Rearranging Myself / Carol Tyx


Rearranging Myself

poems by

Carol Tyx

40 pages, $13 (+ shipping)

ISBN: 978-1-59948-979-7

Release Date: November 28, 2023

The Advance Sale Discount price on this title has expired. Those who prefer to pay by check, the price is $17/book (which includes shipping & sales tax) and should be sent to: Main Street Rag, 4416 Shea Lane, Mint Hill, NC 28227. 


Carol Tyx lives in Iowa City, where she raises her voice in the community sing movement, sponsors a refugee family, and supports community-based agriculture. A professor emeritus at Mt. Mercy University, Tyx is the winner of a Willow Run Poetry Award for Remaking Achilles: Slicing into Angola’s History. Her recent work has appeared in Poetry East, Big Muddy, and Caesura. She likes to wander in old cemeteries and prairies, and makes a phenomenal rhubarb raspberry pie.
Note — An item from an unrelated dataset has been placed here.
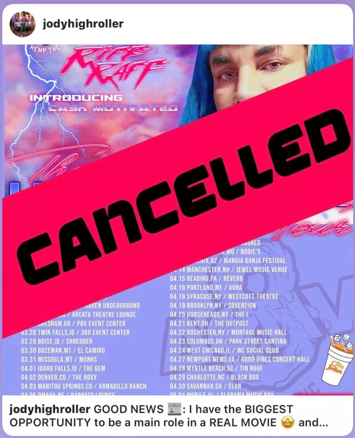 The rapper who’s also known as Jody Highroller announced he would have to cancel his Lilac Lightning tour just two days before the first date of the show scheduled at Ruins’ Limbo Room in Deep Ellum on Wednesday, according to Riff Raff’s social media channels.

The poems of Carol Tyx accumulate like a summer storm cloud—”everything extending wider and deeper,” as the speaker is rearranged by memories that “wait to carry her back to some other self.” Stir in the stories of others—a grandmother in Gaza, a former lover, that certain student, dogs and cats and deer—until we “split open and start over in some other world.” ~Cecile Goding, Iowa Summer Writing Festival


In this big-hearted portrait of her life from seventeen to seventy, Carol Tyx celebrates the transformative potential of single moments. Each poem—each look at love, loss, or joy—immerses you in her ferocious and tender awareness, inviting you to refresh and rearrange yourself. ~Mary Vermillion


These are powerful poems that expose the emotional tentacles tying us to our past and present selves. Here, the language is intimate and visceral, sensuous, and wise, each poem offering the reality of unbearable knowing as well as the promise of unexpected tenderness. Rearranging Myself is the work of a poet who opens the door to that complicated organ: the heart. ~Patricia Foster (Written in the Sky: Lessons of a Southern Daughter)

The Summer She Turned Seventeen


On land she was driven into
the bodies of boys as if

pressing against them was
the only way to convince herself

she had a body, but in the water
it was different, starting the night

she broke the rules, slipping
to the lake at midnight

where she swam out further
than anyone else and floated

in the dark by herself,
held by water and stars so brilliant

they shattered her need
to be desired.

She felt herself dissolving
and at the same time

steadier than she had ever
been before,

the night compacting
a solid core

even as it spread her
on its surface.





He huddles on his girlfriend’s couch—this woman
who’s been seasoned by North Dakota—
and knows what she will do if he asks her

to turn up the heat—swaddle him
in afghans, a wool poncho;
offer sweaters, wool socks.

He doesn’t know why he can’t tell her—
at least not yet—how these layers
can’t insulate him from this cold

that floods him so fast he might
drown in it, how it freezes him
from the inside out, sends tentacles

of ice down his fingers, how all winter
he huddled with his brothers while cold
punched the farmhouse windows,

pressed against the thin walls, threatened
to choke him as he watched his father
beat his mother then disappear, leaving

only cold pushing against the slammed door,
while he and his brothers froze
under the blankets, afraid to move,
the weight of zero circling them.



The Student I Failed in Writing and Life Stories


He disappeared, the last paper never showing up,
claimed by some other world, like his first essay
where his mother left what he said was like a cult.

After reading the opening I thought the story might
take a heroic turn—we escaped, yanked ourselves
into freedom—but he understood the narrative as exile—

he had already been free, careening across the valley
on horseback, a multitude of brothers and sisters galloping
beside him, jumping off to Sunday dinners prepared by

multiple mothers, mountains of mashed potatoes
fields of corn, rivers of pie.
He had hair like thatch and the feel of wind

as if he had been blown to class. This world—
classrooms without windows, the press of assignments—
was the captivity—no horses, no sun-drenched afternoons,

a place where he was related to no one, a solitary self
or no self, losing himself in fantasy worlds of video games
or drugs, his head crashing onto his desk and no matter

how many times I called his name, I could not find him
until finally he flung himself into the wind,
his story blown beyond what I could see.